Therefore, triboelectric nanogenerators that utilize most body movements have the disadvantage of having a small field of application as they can only be used as motion sensors that use the small electrical output generated as an electrical signal. Therefore, a triboelectric nanogenerator that generates high current output even through limited movement through a new mechanism and has new application fields is needed.

Republic of Korea registered patent 10-1728472 Republic of Korea registered patent 10-1800091 Republic of Korea registered patent 10-1685184 Republic of Korea registered patent 10-2101085

Therefore, the present invention was devised to solve the above-described conventional problems. According to an embodiment of the present invention, a continuous metal ring on a cylinder having a dielectric layer on the surface is capable of generating electricity while moving by gravity at an angle. The purpose is to provide a triboelectric nanogenerator using a continuous metal ring, a sleeve-type device, and a method of operating the same.

According to an embodiment of the present invention, as the metal ring moves at an angle, friction occurs with the surface of the dielectric layer (PTFE) covered, thereby inducing electrons inside the metal ring, and the metal ring is placed on the positive charge induction layer (nylon). When in contact with a positioned second electrode, a strong potential difference is generated between the metal ring and the attached second electrode due to the induced electrons, allowing the electrons to move directly and generate a large output. Triboelectric charge nano using a continuous metal ring. The purpose is to provide a generator, a sleeve type device, and a method of operating the same.

According to an embodiment of the present invention, the second electrode is provided on a positive charge induction layer such as nylon, so that more positive charges are collected on the side of the second electrode by the positive charge induction layer, thereby creating a larger potential difference with the metal ring in which negative charges are collected. The purpose is to provide a triboelectric nanogenerator using a continuous metal ring, a sleeve type device, and a method of operating the same.

In addition, according to an embodiment of the present invention, it is manufactured so that a person can wear it and use it directly, and the produced electrical output can not only turn on various devices such as LEDs, but also charge capacitors, and can be used to charge various wearable devices and sensors worn on the body. Provides a triboelectric nanogenerator using a continuous metal ring, a sleeve-type device, and its operating method that can be used as electric power and can be used as a device that can provide microelectrical stimulation by influencing the electric field within the body. There is a purpose to doing so.

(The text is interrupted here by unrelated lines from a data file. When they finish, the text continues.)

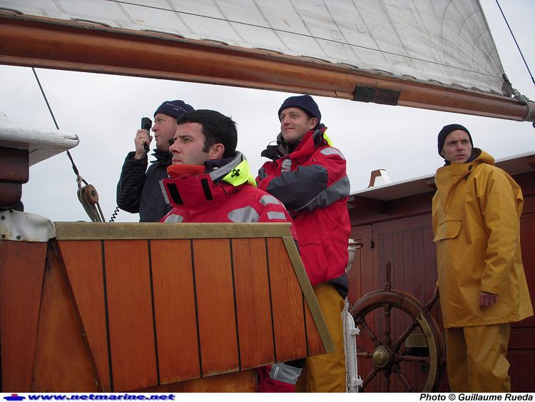 Le commandant de la Goélette Etoile, le lieutenant de vaisseau Laurent Matter lors du départ de la Transat J. Vabre ( novembre 2009)
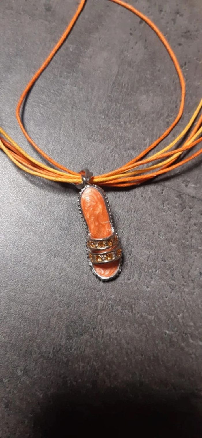Lot de 2 superbes colliers fantaisistes orange / rose motif chaussures neufs jamais portés - photo numéro 4
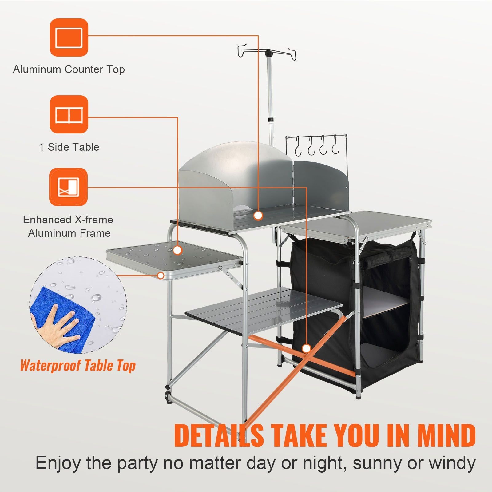 Home > VEVOR Camping Kitchen Table, Folding Outdoor Cooking Table with Storage Carrying Bag, Aluminum Cook Station 1 Cupboard & Detachable Windscreen

Meanwhile, the technical problems to be achieved in the present invention are not limited to the technical problems mentioned above, and other technical problems not mentioned will be clearly apparent to those skilled in the art from the description below. It will be understandable.

The first object of the present invention is a triboelectric nanogenerator, which includes a dielectric pillar made of a dielectric or having a dielectric layer on the surface; a first electrode provided on one surface of the dielectric pillar; a second electrode provided on the other surface of the dielectric pillar; and a metal ring unit whose diameter is larger than the diameter of the dielectric pillar, and which moves by gravity according to the angle of the dielectric pillar and generates friction with the dielectric pillar to induce electrons therein. It can be achieved as a triboelectric nanogenerator using a continuous metal ring, wherein a potential difference is generated between the metal ring and the second electrode when the metal ring is in contact with the second electrode.

Additionally, a positive charge induction layer may be provided on the other surface of the dielectric pillar, and the second electrode may be installed on the positive charge fluid layer.

Additionally, the positive charge induction layer may be characterized by lower electron affinity than the dielectric or the dielectric layer.

In addition, the metal ring unit may be characterized in that a plurality of independent metal rings are intersecting each other and are continuously connected.

In addition, the dielectric or the dielectric layer is composed of PTFE, the positive charge induction layer is composed of nylon, and the length of the positive charge induction layer is greater than or equal to the length of the second electrode and 1.5 times or less of the length of the second electrode. can do.

A second object of the present invention is a sleeve-type device, which includes a dielectric sleeve worn on a part of the body in the form of clothing made of dielectric; a first electrode provided on one surface of the dielectric sleeve; A positive charge induction layer provided on the other surface of the dielectric sleeve; a second electrode provided on the surface of the positive charge induction layer; and a metal ring unit, the diameter of which is larger than the diameter of the dielectric sleeve when worn on the body, and which is moved by gravity according to the angle of the dielectric sleeve worn and generates friction with the dielectric sleeve to induce electrons therein. It can be achieved as a sleeve type device comprising:

Additionally, the positive charge induction layer may have lower electron affinity than the dielectric sleeve.

Additionally, the metal ring unit may be characterized in that a plurality of independent metal rings are intersected and continuously connected to each other.

And the dielectric sleeve contains polyester, the positive charge induction layer is made of nylon, and the length of the positive charge induction layer is greater than the length of the second electrode and 1.5 times or less of the length of the second electrode. You can.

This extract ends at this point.